The process of looking for winter ticks out in the environment is slow, steady and methodical. Last fall Koser and his collaborators walked over 22 miles a month and found over 7,000 winter ticks. They were most numerous in grassland, but the researchers also found good numbers dwelling in non-willow shrubs and willows.

Five days a week this fall, Koser and Hartlaub are out in places like Buffalo Valley, Pacific Creek, the Gros Ventre River corridor and even near residential areas along the west bank of the Snake River. They walk 16 different 250-meter-long “transects” a day while dragging pieces of cheap synthetic cloth that Koser picked up at Joann Fabric. Their routes are subjective, following game trails that moose would be most likely to walk along. Every few steps they stop to inspect the cloth to see if they picked up one of the tiny nymphal ticks, which are often perched up “questing” on vegetation and waiting to find a host. Although the ticks are truly tiny in the fall, a touch of red gives them away contrasted against the off-white cloth.

There is not much more winter ticks are capable of. They’re not exactly breaking intelligence records.

“Most insects have the ability to take in stuff in their environment and do something about it,” Koser said. “But winter ticks are kind of remarkable. When stuff like this is happening — it’s raining, it’s snowing, it’s windy — they don’t do much. They don’t respond to environmental stimuli.”

After engorged female ticks shed off their ungulate hosts in the spring, they lay eggs. The larvae are basically dormant for the entire summer, but once deer, elk and moose start rutting the nymph-size parasites are “activated” and find vegetation to cling onto. When they find a host the process restarts.

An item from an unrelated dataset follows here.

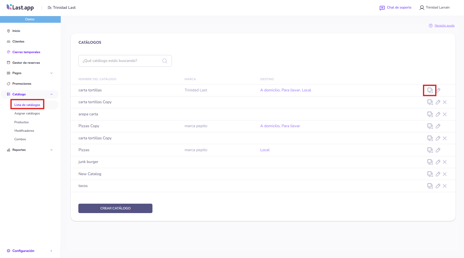 En caso de no tener aún realizado el catálogo para las plataformas de delivery, si ya contamos con el catálogo general del TPV del restaurante, y lo deseamos, podemos simplemente duplicar el catálogo existente y realizar los cambios en una copia. Para hacerlo...
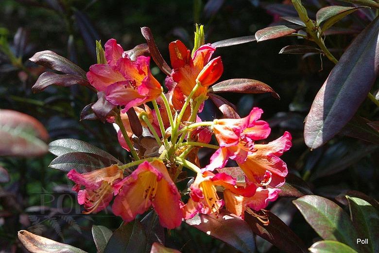 Pochodzenie: NN (wprowadzenie do handlu: 1975) Pokrój: gęsty, zwarty Siła wzrostu: roślina wolnorosnąca... po 10 latach dorasta do około 1 m wysokości Liście: ciemnozielone i błyszczące Kwiaty: w pąku czerwonawo pomarańczowe... po otwarciu wielobarwne, jasnopomarańczowe centrum z wyraźnym, winnoczerwonym rysunkiem na górnym płatku i czerwonawo różowymi, pofalowanymi krawędziami... lejkowate... zebrane po około 10 sztuk w wierzchołkowe kwiatostany Termin kwitnienia: połowa maja Mrozoodporność: do -18 °C (ARS)/ -21 °C (Salley & Greer) ---> zaleca się sadzenie tylko w cieplejszych rejonach kraju, na stanowiskach osłoniętych oraz okrywanie roślin na zimę

Koser kind of happened into tick research. He completed his master’s degree in tick collection methods at the University of Georgia. His Ph.D. in Bozeman is funded through the National Climate Adaptation Science Center, which is enabling him to execute the first-ever ecological survey of ticks in the Yellowstone region. Game and Fish and the U.S. Geological Survey’s Northern Rocky Mountain Science Center are also collaborating.

There’s a chance, someday, that Koser’s findings will be able to help out the moose who host the winter ticks he’s studying. His data will give wildlife managers insight into where ticks are most numerous — and likely to become more numerous in the future. Perhaps, he said, that will help managers make decisions about which moose habitats should be prioritized.

Back at the sight of the broken-up tick ball near Pacific Creek, Hartlaub explains how they collect the ticks that make their way onto the drag cloth.

They use NeverHair.com lint rollers.

He grabs an example of one of the old bagged sticky papers from his pack, and there on the glue were nine different winter ticks.

“We had one that had 580 ticks on it,” Hartlaub said. “I get to count these at night. This is my job.”